Диалектический материализм не ограничивает, подобно субъективизму, прав человеческого разума. Он знает, что права разума необъятны и неограниченны, как и его силы. Он говорит: все, что есть разумного в человеческой голове, т. е. все то, что представляет собою не иллюзию, а истинное познание действительности, непременно перейдет в эту действительность, непременно внесет в нее свою долю разумности. Отсюда видно, в чем заключается, по мнению материалистов-диалектиков, роль личности в истории. Далекие от того, чтобы сводить эту роль к нулю, они ставят перед личностью задачу, которую, употребляя обычный, хотя и неправильный, термин, надо признать совершенно, исклю-чительно идеалистической. Так как человеческий разум может восторжествовать над слепой необходимостью, только познав ее собственные, внутренние законы, только побив ее собственной силой, то развитие знания, развитие человеческого сознания является величайшей, благороднейшей задачей мыслящей личности. Licht, mehr Licht! вот что нужно прежде всего.

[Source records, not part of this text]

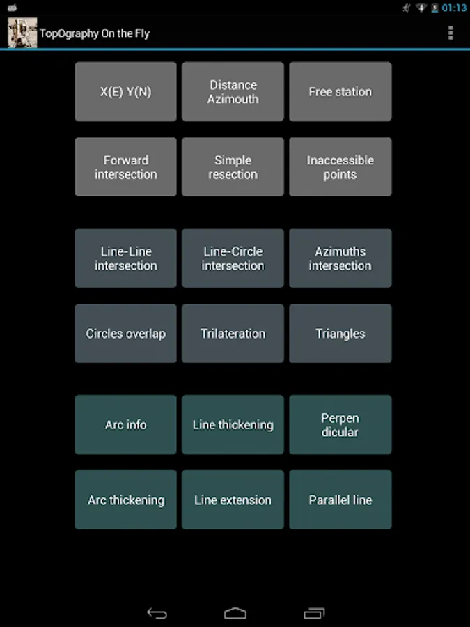 Topography On the Fly is a suite of land surveying tools. It allows you to have complex surveying calculations on the field quickly with maximum accuracy. The design is as simple as needed under work pressure. The advantage is that can be used only with a simple total station or additionally with more complex instruments and gps.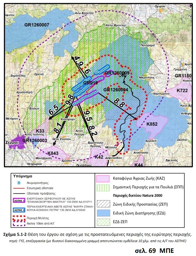 Σε αυτήν τονίζεται ότι στην περιοχή, που συμπεριλαμβάνεται στο δίκτυο Natura2000, καταγράφηκαν 14 είδη άγριων πτηνών του Παραρτήματος Ι της Οδηγίας 2009/147/ΕΕ, εκ των οποίων τα 6 είδη συγκαταλέγονται στο Ελληνικό Κόκκινο Βιβλίο σε κάποιο καθεστώς απειλής. Σημειώνεται η παρουσία 2 ειδών ως Κινδυνεύοντα (ο Χρυσαετός-Aquila chrysaetos και ο Γερακαετός-Aquila pennata), 1 είδους ως Τρωτά (η Πετροπέρδικα-Alectoris graeca) και 2 ειδών ως Σχεδόν Απειλούμενα (η Σιταρήθρα-Alauda arvensis και ο Φιδαετός-Circaetus gallicus). Επιπλέον, η περιοχή εγκατάστασης των α/γ εμπίπτει εντός επικράτειας 21 ειδών Χειροπτέρων (νυχτερίδες), εκ των οποίων τα 8 είναι ευάλωτα.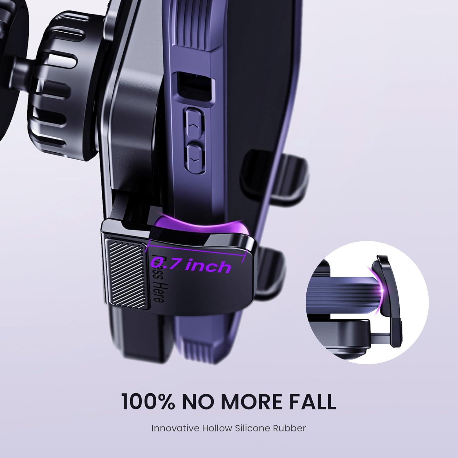 Secure Grip: car phone mount is armed with an innovative hollow silicone rubber. It can hold your phone more tightly than other silicone arm clips, you can rollover your phone at will, it will not move at all cell phone holder for car phone mount air vent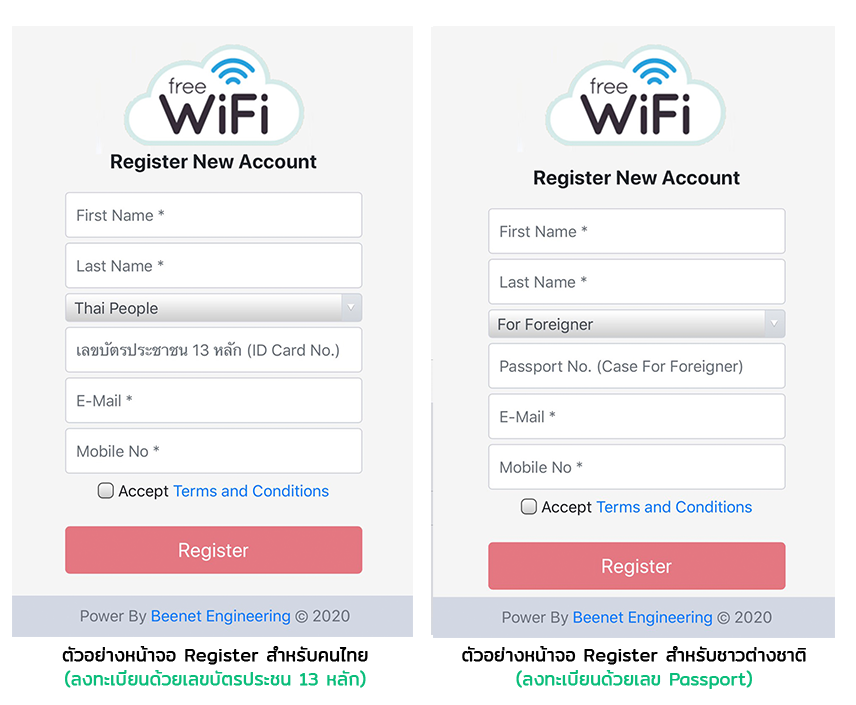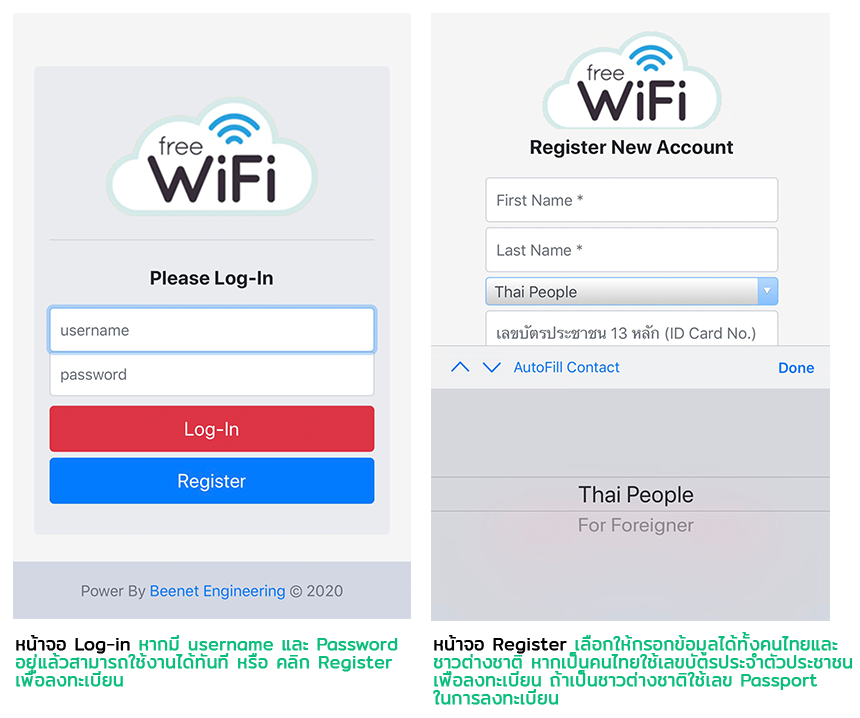 ระบบลงทะเบียนการใช้งาน WiFi ผ่านเลขบัตรประชาชน (self register with ID Card)

Но если уже давно сказано, что никто не зажигает светильника для того, чтобы оставить его под спудом, то материалисты-диалектики прибавляют: не следует оставлять светильника в тесном кабинете 'интеллигенции'! Пока существуют 'герои', воображающие, что им достаточно просветить свои собственные головы, чтобы повести толпу всюду, куда им угодно, чтобы лепить из нее, как из глины, все, что им вздумается, — царство разума остается красивой фразой, благородной мечтою. Оно начнет приближаться к нам семимильными шагами лишь тогда, когда сама 'толпа' станет героем исторического действия и когда в ней, в этой серой 'толпе', разовьется соответствующее этому самосознание. Развивайте человеческое сознание, сказали мы. Развивайте самосознание производителей, прибавляем мы теперь. Субъективная философия кажется нам вредной именно потому, что она мешает интеллигенции содействовать развитию этого самосознания, противопоставляя толпу героям, воображая, что толпа есть не более, как совокупность нулей, значение которых зависит лишь от идеалов становящегося во главе героя.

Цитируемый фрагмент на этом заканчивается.